Grid operators need to do more than simply distribute the electricity generated by wind farms and photovoltaic plants. They also have to ensure a consistent quality of supply. Achieving this with the available systems and components is a complex issue. Researchers at Friedrich-Alexander-Universität Erlangen-Nürnberg (FAU) are currently developing a hybrid compensation plant system with partners from the fields of science, energy supply and business. To this end, the researchers have combined in a single system an energy storage element and a very powerful converter that can influence the form of the signal in the power grid. The aim is to reduce the number of individual systems. The Federal Ministry for Economic Affairs and Energy (BMWi) is funding the collaborative project with EUR 2.5 million.

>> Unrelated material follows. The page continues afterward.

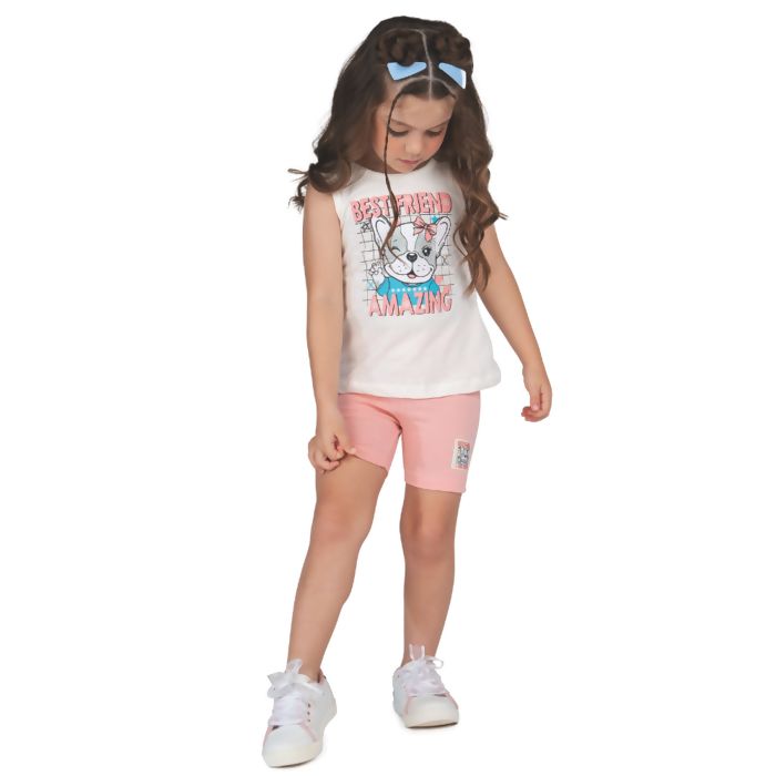 Conjunto feminino composto por shorts e blusa com estampa charmosa de cachorro.

Not all electricity is the same
Wind power and photovoltaics play a major role in the generation of electricity. Such energy facilities are frequently based at decentralised locations in rural regions. However, it takes a complex system of distribution networks and transformer stations to deliver sustainably produced electricity all the way to the consumer. Solar power plants, for instance, feed the direct current they generate directly into the medium-voltage and low-voltage network via power converters, which transform it into alternating current. However, the conversion process produces harmonic currents that distort the voltage, impairing the signal in the distribution network and therefore the quality of the electricity, which in turn can have a significant impact on the functioning of equipment and machines.

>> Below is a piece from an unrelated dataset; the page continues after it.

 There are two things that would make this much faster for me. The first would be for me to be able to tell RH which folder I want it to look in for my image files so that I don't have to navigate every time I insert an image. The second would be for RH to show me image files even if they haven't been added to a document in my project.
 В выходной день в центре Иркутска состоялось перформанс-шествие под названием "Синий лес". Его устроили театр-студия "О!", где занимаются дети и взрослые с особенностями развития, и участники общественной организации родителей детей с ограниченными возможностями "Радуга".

Combined in a single system
Network operators provide system services to ensure the quality of the electricity they provide. These services are supplemented by energy held in reserve to offset unforeseen additional requirements at short notice. The energy reserves are then replenished during performance peaks. However, operators have to date made use of the required systems only as individual elements. Researchers working under the lead of TU Dortmund have now combined system services and energy reservoirs in a hybrid compensation system. 'The aim of our project is to extend the potential fields of application of battery storage systems and reduce the number of facilities needed to provide system services,' explains Ralf Böhm, research associate at the Institute for Factory Automation and Production Systems (FAPS), whose team designs the important control technology that joins the system's individual components together to form a whole. The system is equipped with a flywheel energy storage system and a battery in addition to a freely adjustable current converter that can influence the form of voltage signals. Flywheel energy storage systems are used to make major quantities of energy available at short notice while a so-called redox flow battery - a complex liquid chemical battery - with its high capacity is ideal for storing energy over the long term and releasing it on demand. The researchers want to test the compensation system in the future using a demonstration model installed in the medium voltage distribution network of the Haßfurt public utility company. The Federal Ministry for Economic Affairs and Energy has provided development funds of EUR 2.5 million as part of the HYBKomp collaborative project, of which EUR 400,000 have been allocated to FAU.